* [Given material]
--- --- ---

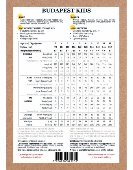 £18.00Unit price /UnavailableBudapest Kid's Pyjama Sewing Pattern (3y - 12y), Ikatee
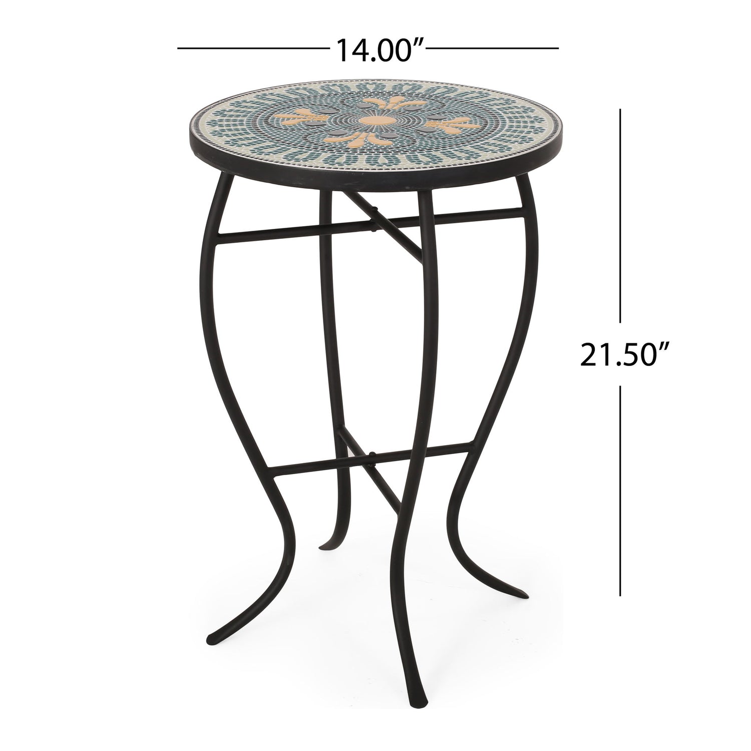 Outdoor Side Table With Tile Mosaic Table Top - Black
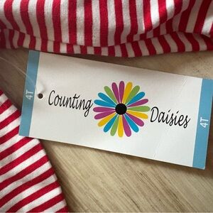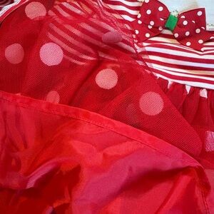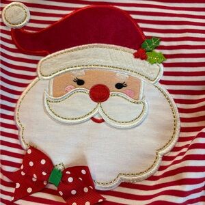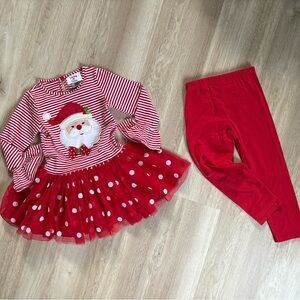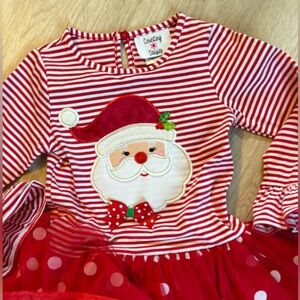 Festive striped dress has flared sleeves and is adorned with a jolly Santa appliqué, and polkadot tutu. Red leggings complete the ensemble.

--- --- ---

* [Instructions for the task] A verbatim copy of the data, pictures removed, is the expected result.

* [Answer]
 £18.00Unit price /UnavailableBudapest Kid's Pyjama Sewing Pattern (3y - 12y), Ikatee
 Outdoor Side Table With Tile Mosaic Table Top - Black
 Festive striped dress has flared sleeves and is adorned with a jolly Santa appliqué, and polkadot tutu. Red leggings complete the ensemble.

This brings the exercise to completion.